- The minutes from the Federal Open Market Committee’s (FOMC) June meeting highlighted the downside risks to the economic outlook and members’ feeling that they “had increased significantly over recent weeks.”
- The factors cited as raising uncertainty include: weakening business confidence, business spending, manufacturing activity, trade, and global growth. Among these, trade tensions loom the largest as the underlying cause of the deterioration in confidence and rise in uncertainty.
- Participants also discussed the labor market and soft inflation. Notably, citing low wage inflation, “several participants…revised down their SEP estimate of the longer-run normal rate of unemployment.”
- The decision to keep rates on hold at the June meeting (and not cut immediately) was influenced by the relatively recent deterioration in indicators. This requirement for more evidence appears to have been met, at least according to Chair Powell’s testimony this morning that noted crosscurrents to the outlook continuing following the Fed’s June meeting.
Key Implications
- While maintaining its economic outlook, the minutes show FOMC members moving toward a “risk management” framework, and increasingly in favor of cutting rates in order to “cushion the effects of possible adverse shocks to the economy.”

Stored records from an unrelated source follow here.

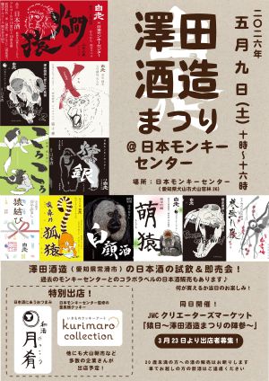 澤田酒造まつりに合わせて、JMCクリエーターズマーケットを開催します!霊長類に限らず、手作りのニッチなグッズが大集合!ぜひ覗きに来てください♪
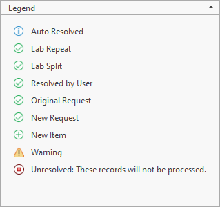 A Legend can be opened with the button at the right, showing the status for each returned sample. The Legend can be closed using the arrow at the top right.
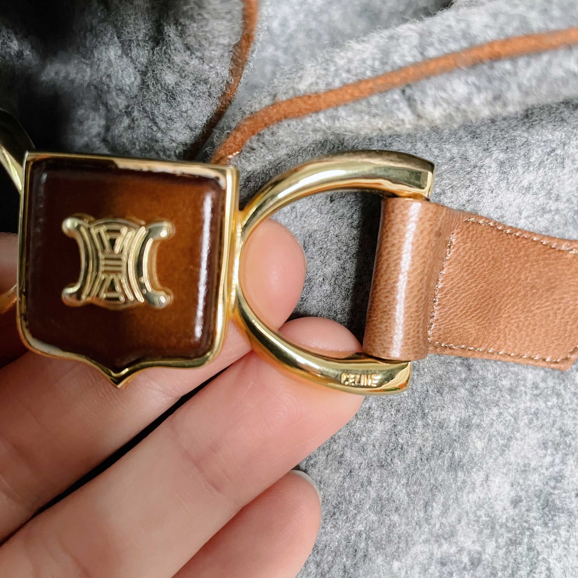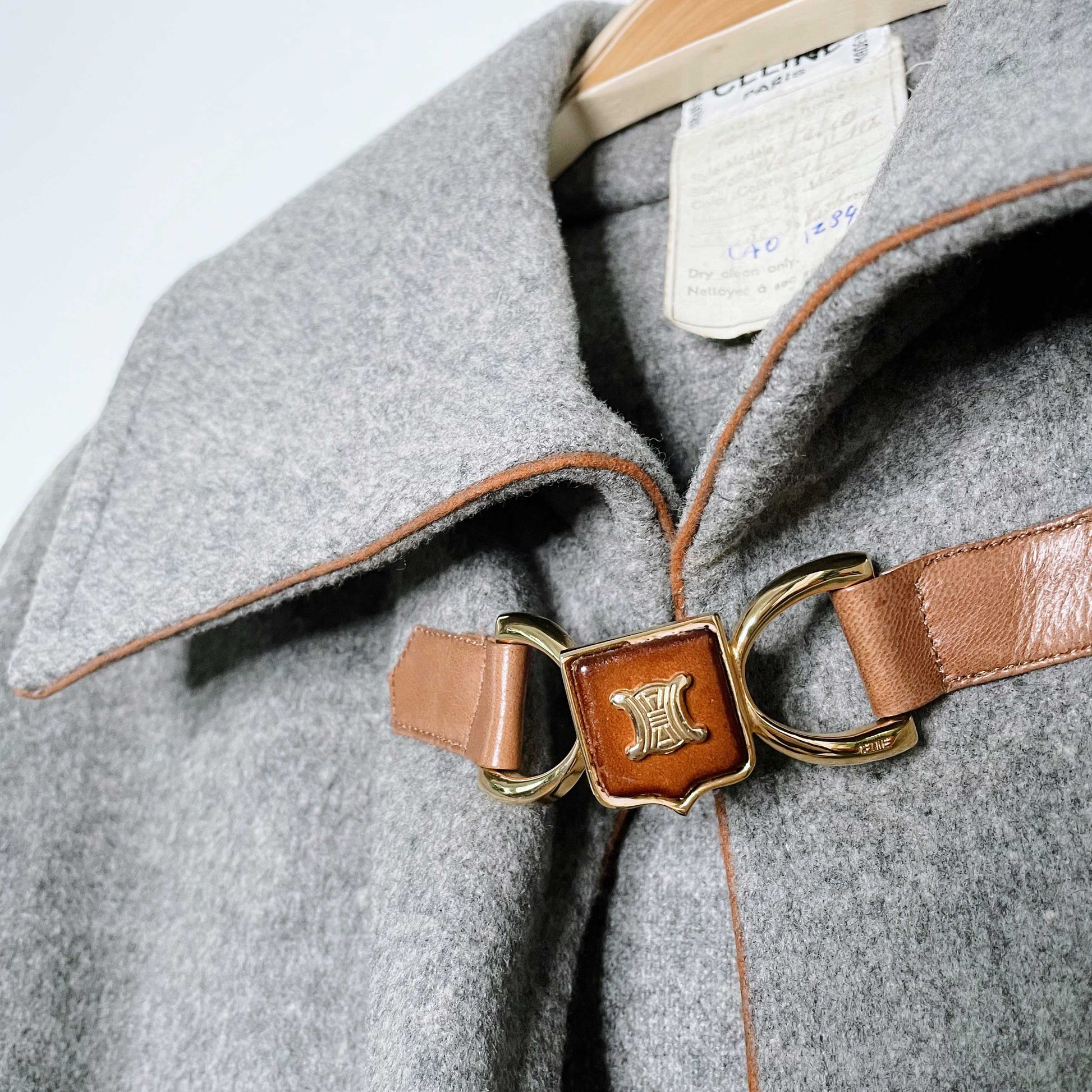 Item description: *gasp* This S-T-U-N-N-I-N-G floor length cape from Céline was made in France with a wool and cashmere blend and finished with leather trim and a logo-embellished front clasp. Have you fainted yet? Yes, we're swooning too. 70% wool 30% cashmere
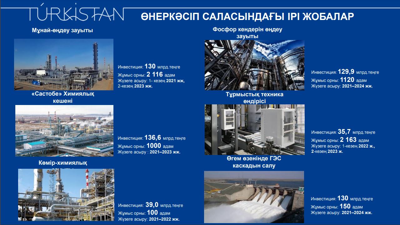 Вместе с тем, в индустриальных зонах Туркестанской области реализуется 60 проектов на общую сумму 41 млрд тенге, которые позволят создать более 4 тысяч рабочих мест. В этом году планируется реализовать 6 проектов на сумму 1 865,3 млн тенге с созданием 683 рабочих мест. На сегодняшний день в специальной экономической зоне «TURKISTAN» запущено около 50 инвестпроектов на сумму 480 млрд тенге. Более того, объем валовой промышленной продукции в этом году планируется довести до 565 млрд тенге», – сказал он.
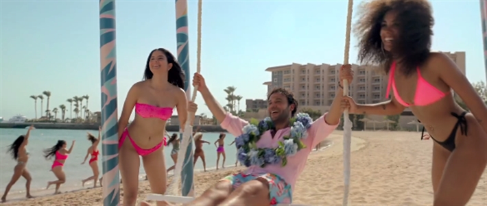 ظهر محمد إمام في بداية البرومو التشويقي للفيلم وهو يرقص في وسط مجموعة فتيات على الشاطئ وينتهي الإعلان بحفل زفافه على ويزو، التي تسقط عليه بفستان الزفاف، ويقع صارخا.
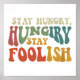 "Bleibe Hungry, Bleibe Foolish" in einer fett-farbigen Darstellung. Jedes Wort bricht mit einer anderen lebhaften Farbe auf und schafft einen spielerischen und dynamischen Look. Der Text selbst ist auf der Vorderseite des Wandbrettes mit einem sauberen und puristischen Hintergrund sichtbar, um die Nachricht hervorstechen zu lassen.
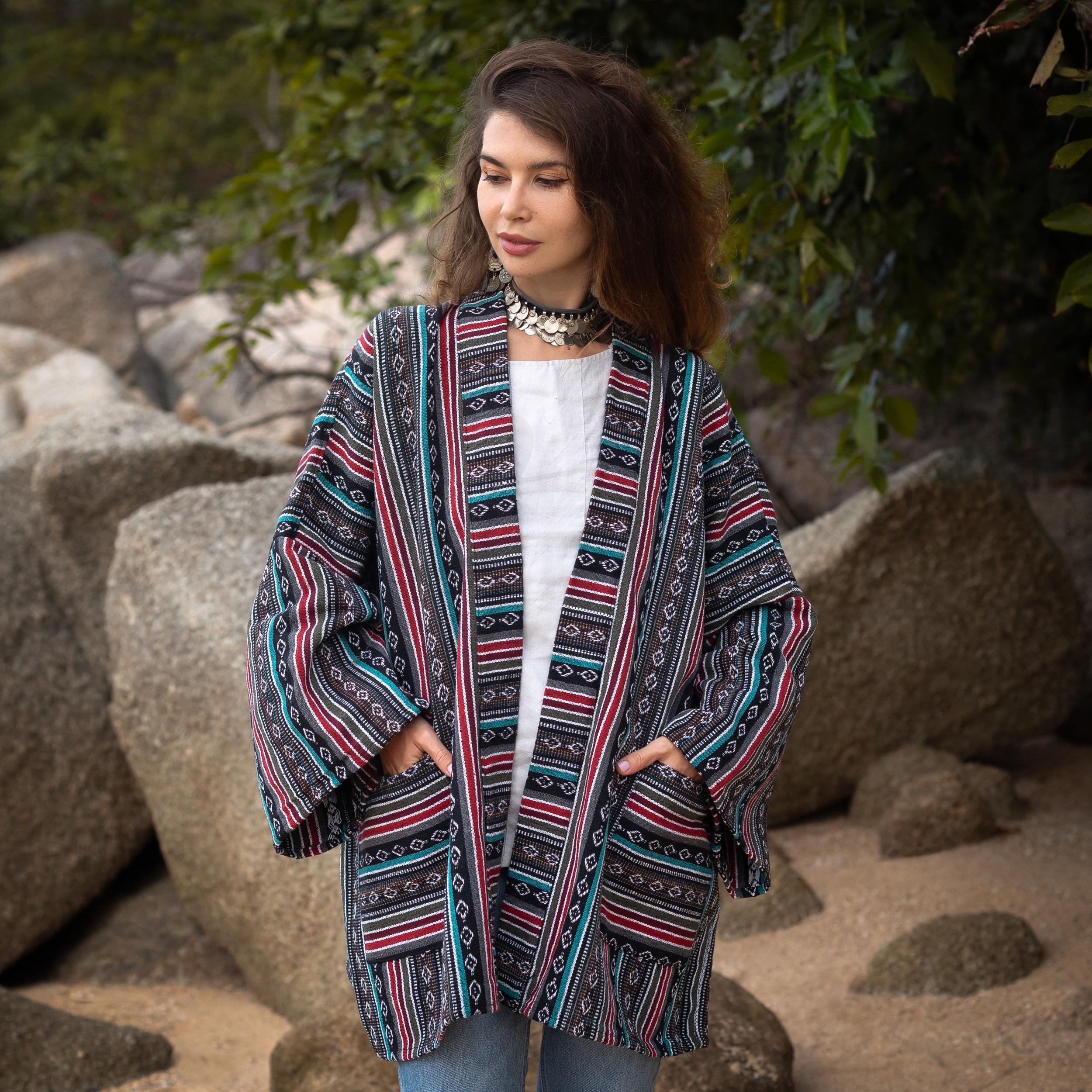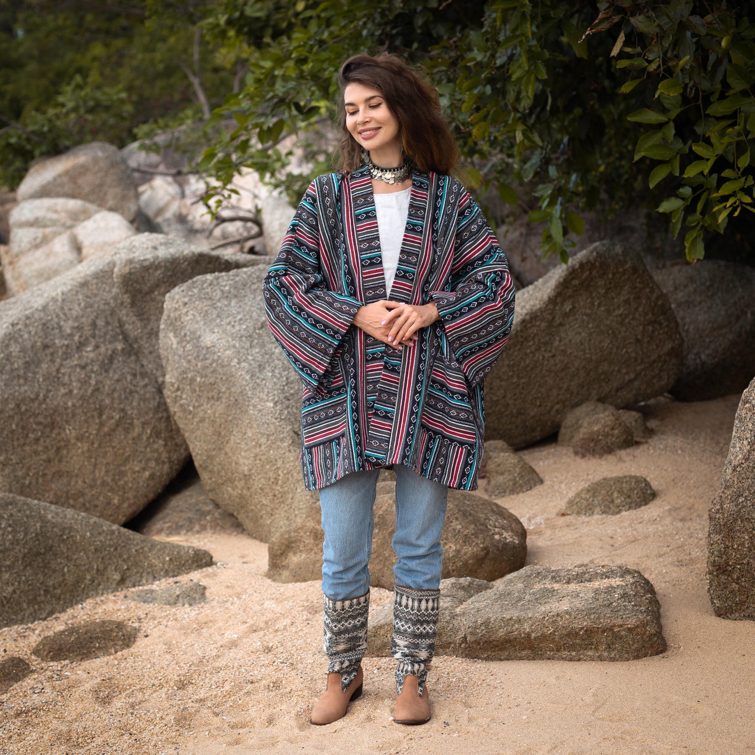 Add a cozy, artistic touch to your wardrobe with the Nomari Kimono Jacket—an exclusive, limited edition piece from ZinniaPearl that blends bohemian flair with everyday comfort.

- In addition to heightened uncertainty on the global front, the soft inflation environment and few signs that wage growth has broken out of its recent holding pattern provides support for a turn to more accommodative policy. This is particularly true as inflation expectations also appear to have moved lower.
- The evolution of economic data and key event risks will determine the future course of monetary policy. While there is good reason to expect the data to hold up, it is much harder to guess on the outcome of events, which as these minutes note, are clearly two-sided.